I have a data frame with multiple columns (I get it from pytesseract.image_to_data(img_pl,lang="eng", output_type='data.frame', config='--psm 11')
[used psm 11 or 12, same result] and taking only the important columns from it), lets look on the following columns:
# This is the data I get from the above command,
# I added it like that so you will be able to copy and test it
data = {'left': [154, 154, 200, 154, 201, 199],
'top': [0, 3, 3, 7, 8, 12],
'width': [576, 168, 162, 168, 155, 157],
'height': [89, 10, 10, 10, 10, 10],
'text': ['text1', 'text2', 'text3', 'text4', 'text5', 'text6']}
output_test_min_agg = pd.DataFrame(data)
# Output:
+----+---+-----+------+-------+
|left|top|width|height| text|
+----+---+-----+------+-------+
| 154| 0| 576| 89| text1|
| 154| 3| 168| 10| text2|
| 200| 3| 162| 10| text3|
| 154| 7| 168| 10| text4|
| 201| 8| 155| 10| text5|
| 199| 12| 157| 10| text6|
+----+---+-----+------+-------+
Notice that some of the coordinates are off by few pixels (from what I saw its maximum 3-5 pixels off) that is why the width can also be taken to account (for example the left of "abc" and "abcdef" will be different but with the width we can see that it reaches to the same size
Excepted result will be as below:
+-----+-------+-------+
|index| col 01| col 02|
+-----+-------+-------+
| 0| text1| |
| 1| text2| text3|
| 2| text4| text5|
| 3| | text6|
+-----+-------+-------+
The best result I get is from this:
output_test_min_agg=output_test_min.sort_values('top', ascending=True)
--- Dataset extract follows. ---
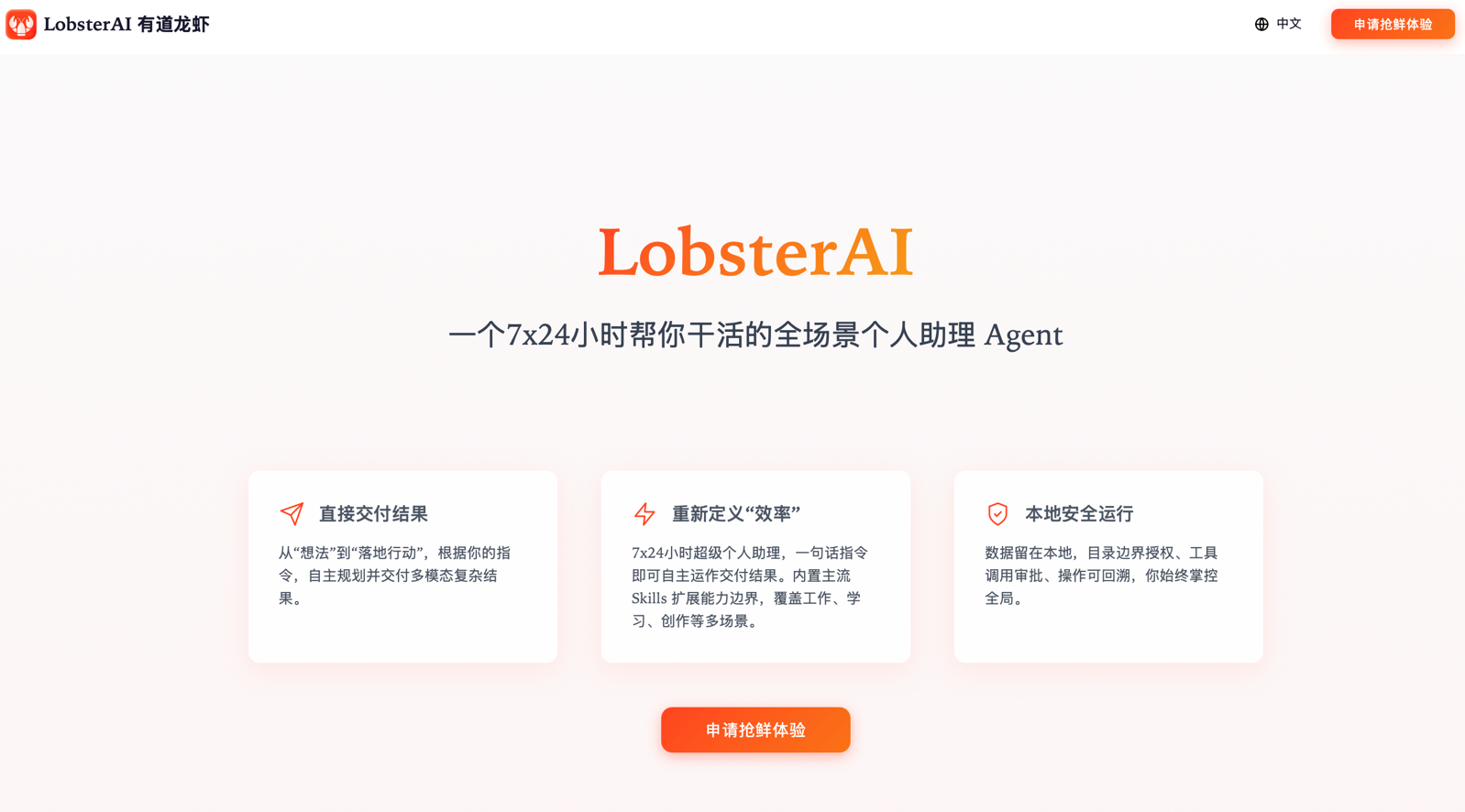 随着AI从“能聊天”迈向“能办事”的Agent(智能体)阶段,个人AI Agent已成为科技行业公认的下一波浪潮。2月11日,记者获悉,网易有道正式推出桌面级Agent“LobsterAI”(中文名:有道龙虾)。据悉,这是一款定位为“7×24 小时帮你干活的全场景个人助理Agent”,目前已在官网开放内测申请。
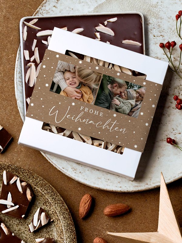 Mit der passenden Schokobox zur Ihrer Weihnachtskarte "Festhimmel Kraftpapier" wird Ihre Weihnachtspost garantiert ein Hingucker.

output_test_min_agg = output_test_min_agg.groupby(['top', 'left'], sort=False)['text'].sum().unstack('left')
output_test_min_agg.reindex(sorted(output_test_min_agg.columns), axis=1).dropna(how='all')
But it's still not good because if the top
or left
have even 1 pixel difference it will create a whole new column and row for them
How can I accomplish such a task?